Given data:

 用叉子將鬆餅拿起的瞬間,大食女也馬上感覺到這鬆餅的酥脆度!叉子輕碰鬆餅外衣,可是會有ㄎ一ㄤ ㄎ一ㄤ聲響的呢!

---

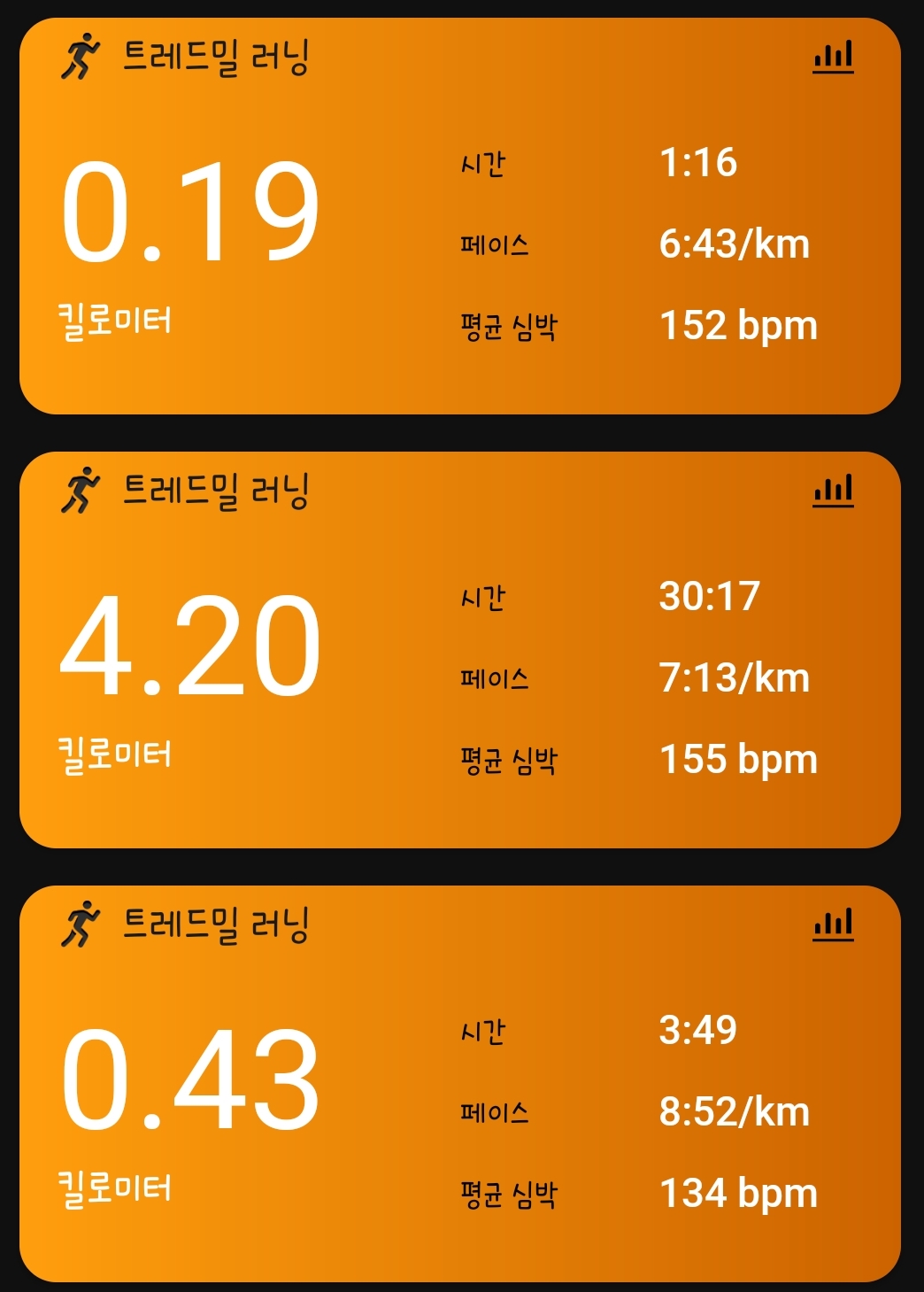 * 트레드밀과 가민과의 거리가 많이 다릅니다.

...

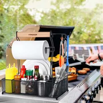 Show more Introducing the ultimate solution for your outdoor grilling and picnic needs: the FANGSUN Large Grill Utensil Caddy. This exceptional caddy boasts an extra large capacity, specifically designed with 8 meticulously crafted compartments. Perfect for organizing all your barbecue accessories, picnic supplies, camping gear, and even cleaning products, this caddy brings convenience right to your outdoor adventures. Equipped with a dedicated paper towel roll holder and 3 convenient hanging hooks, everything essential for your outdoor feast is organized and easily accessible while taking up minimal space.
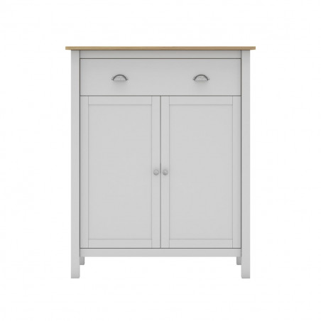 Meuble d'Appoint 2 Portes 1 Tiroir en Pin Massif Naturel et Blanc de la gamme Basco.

Task prompt:
Would you please reproduce the entries above, starting at the line with "Show more Introducing" and stopping after the line with "Meuble d'Appoint 2"? Omit any pictures.

Exercise solution:
 Show more Introducing the ultimate solution for your outdoor grilling and picnic needs: the FANGSUN Large Grill Utensil Caddy. This exceptional caddy boasts an extra large capacity, specifically designed with 8 meticulously crafted compartments. Perfect for organizing all your barbecue accessories, picnic supplies, camping gear, and even cleaning products, this caddy brings convenience right to your outdoor adventures. Equipped with a dedicated paper towel roll holder and 3 convenient hanging hooks, everything essential for your outdoor feast is organized and easily accessible while taking up minimal space.
 Meuble d'Appoint 2 Portes 1 Tiroir en Pin Massif Naturel et Blanc de la gamme Basco.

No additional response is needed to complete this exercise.